The 17-page review is the first comprehensive examination of the impact of the Civil Remedies Act, which the former Progressive Conservative government introduced in 2001.
It reveals that almost $1 million has been distributed directly to crime victims and more than $900,000 has gone to crime prevention programs and upgrading police equipment.
Attorney General Michael Bryant said since the Liberals succeeded the Tories in 2003 they have exploited former Progressive Conservative attorney general Jim Flaherty’s landmark legislation.
“We’ve sought to use (the powers) in ways that were consistent with the legislation, but might not have been in Flaherty’s mind when they introduced it,” Bryant said in an interview.
“When we came into office, from my perspective it seemed as if the bill hadn’t really been used much at all,” said Bryant.
“We made an effort to do two things.

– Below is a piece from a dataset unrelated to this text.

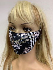 Schöne Behelfsmaske / Mund Nasen Bedeckung für Erwachsene und große Kinder mit verschiedenen, modernen Fashion Motiven. Die doppellagigen Stoffmasken sind dünn gearbeitet und daher super auch für wärmere Tage und den Innenbereich geeignet.
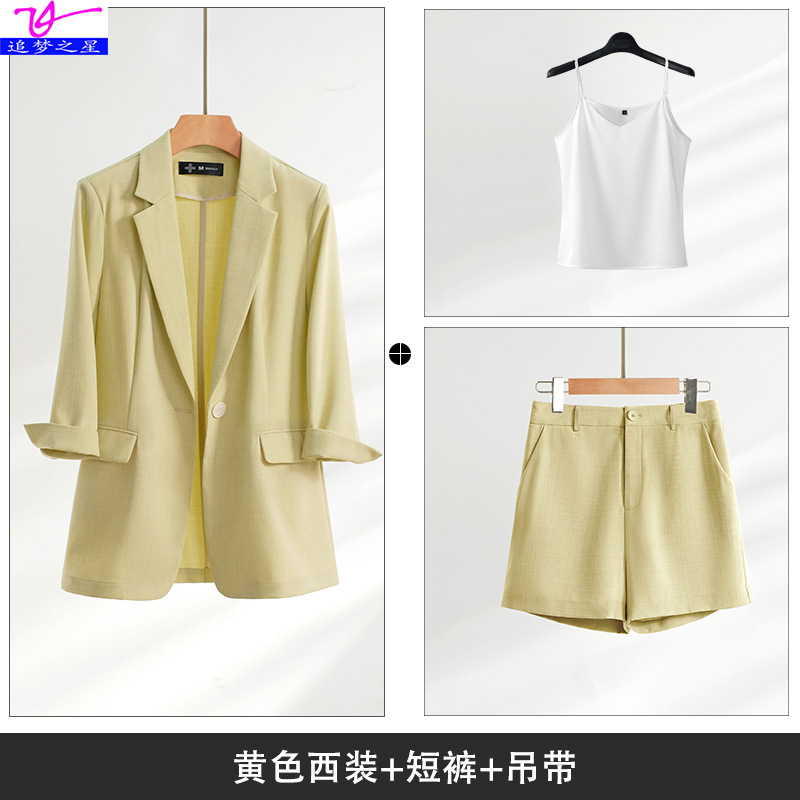 • 2J247 노란색 세트 자른 바지 흰색 V 넥 슬링

Firstly, to send officials from the ministry around to different police departments across the province to inform them of this new tool that many of them were unaware of. The police have to take the first step and, as a result of that, more activity took place,” the attorney general said. “Secondly, I’ll admit I’m ripping a page out of the RICO book in the United States,” he said, referring to the federal U.S. Racketeer Influenced and Corrupt Organizations Act used against mobsters. Bryant said the RICO-like strategy has allowed police to grab a variety of assets and send a chill through organized crime syndicates.